Он несколько раз писал о том, чтобы хлопотали о возможности для него вернуться на родину. Я лично, учась уже в Литинституте, ходил в МИД и все это им рассказывал, рассказывал, рассказывал. Они сказали: "Напишите обо всем этом". Я написал, но ни ответа, ни привета не получил. Мы в семье очень боялись, что высылка отца отразится на судьбе дяди, его брата. Он был арестован в 1937 году и находился в лагере в бухте Нагаева, в Магадане. Мы переписывались с ним, так что мое первое в жизни письмо было написано в тюрьму. Дядя так в тюрьме и погиб, и другой дядя в тюрьме погиб. А отцу вернуться на родину так и не дали, он в Иране умер. Вот судьба. Мы хотели тогда, в 1939 году, ехать всей семьей, но отец испугался нас сразу брать: не знал, как там его встретят. Мы долго надеялись, что он напишет нам, что все хорошо, и мы переедем к нему.
— Кавказ всегда был эталоном гостеприимства. Как получилось, что теперь он превратился чуть ли не в источник новой мировой войны?
— Думаю, что гостеприимство осталось и никто специально не настраивает людей одной нации как-то сторониться другой. И все-таки тому дурному, что привносит в мир политика, удается на нас влиять — в известной мере потому, что у многих наций нет уверенности, что, если они не будут заботиться о себе, они продержатся так же, как до сегодняшнего дня держались.
— Но ведь многочисленные и невоинственные нации часто тоже заражены ксенофобией.
— Конечно, я не идеализирую русских. Сложная тема. Думаю, дело в том, что социальная страсть человека все-таки угасает и по мере ее угасания усиливается национальная страсть. Я полагаю, что общество должно поддерживать здоровую социальную страсть в человеке, тогда национальные страсти будут угасать.

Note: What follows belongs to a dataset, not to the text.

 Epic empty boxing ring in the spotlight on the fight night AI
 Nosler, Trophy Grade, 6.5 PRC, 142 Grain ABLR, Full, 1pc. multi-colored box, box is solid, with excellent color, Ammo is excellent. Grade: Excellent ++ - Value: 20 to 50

— Вы сами когда-нибудь в России, Советском Союзе сталкивались с проявлением ксенофобии по отношению к себе?
— Не могу вспомнить. Если что-то такое и было, я этого не заметил.
— Кому больше позволялось в советские годы — представителям национальных литератур или русским писателям?

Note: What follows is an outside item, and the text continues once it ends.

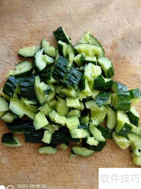 - 将黄瓜洗净后拍裂切块,不可直接切;干面皮泡软,蒜捣成泥备用。
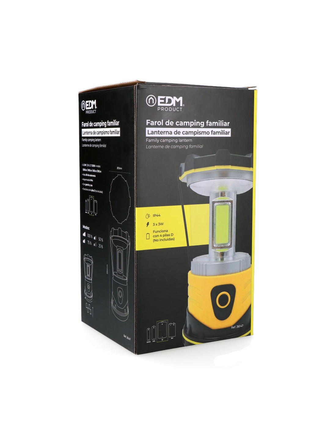 Farol led river trek 3x3w cob led 7500k 4 modos: 1200lm/900lm/600lm/300lm. funciona con 4 pilas d/lr20 no incluidas. impermeable ip44. hasta 8h de autonomía. con gancho y asa. dimensiones: ø13x25cm.

— Русским, пишущим по-русски, было труднее всего, потому что идеологические органы за развитием русской литературы следили гораздо внимательнее.
— Вы сравнительно мало пострадали за участие в "Метрополе"...
— Действительно за участие в альманахе "Метрополь" я пострадал не так сильно, как мои коллеги Василий Аксенов или Виктор Ерофеев. Меня средне наказали, скажем так. Просто два года не печатали. Других вывели из Союза писателей — это было гораздо более чувствительно.
— А вас за что пожалели?
— Когда идеологические органы решили наказать участников "Метрополя", некоторые вели себя гораздо активнее, чем я. А я больше отмалчивался, и наказание было средней силы. Знаете, я вообще был скорее молчаливым человеком, когда речь шла о каких-то публичных действиях. Я, конечно, принимал участие во всех практически общественных протестах, но, между нами говоря, это было главным образом влияние живых людей, которые до меня сами пришли к каким-то протестным выводам. Ярчайшим примером в этом плане был для меня Твардовский. Потом появился Солженицын. Из моих ровесников Аксенов, пожалуй, был самый активный протестант. Уж точно более активный, чем я. Историю с "Метрополем" я сейчас оцениваю вполне иронически. Это был такой порыв, как нам казалось, поучительный для правительства. Нам хотелось показать, что в нашей литературе недостаточно свободы, так вот мы сами будем эту свободу творить, не обращаясь к официальной цензуре и издательствам. Конечно, это было очень наивно. Правительство обратило на нас внимание и жестче завернуло гайки. Скорее мы вели себя глупо, я, по крайней мере, никак не чувствовал и не чувствую себя героем.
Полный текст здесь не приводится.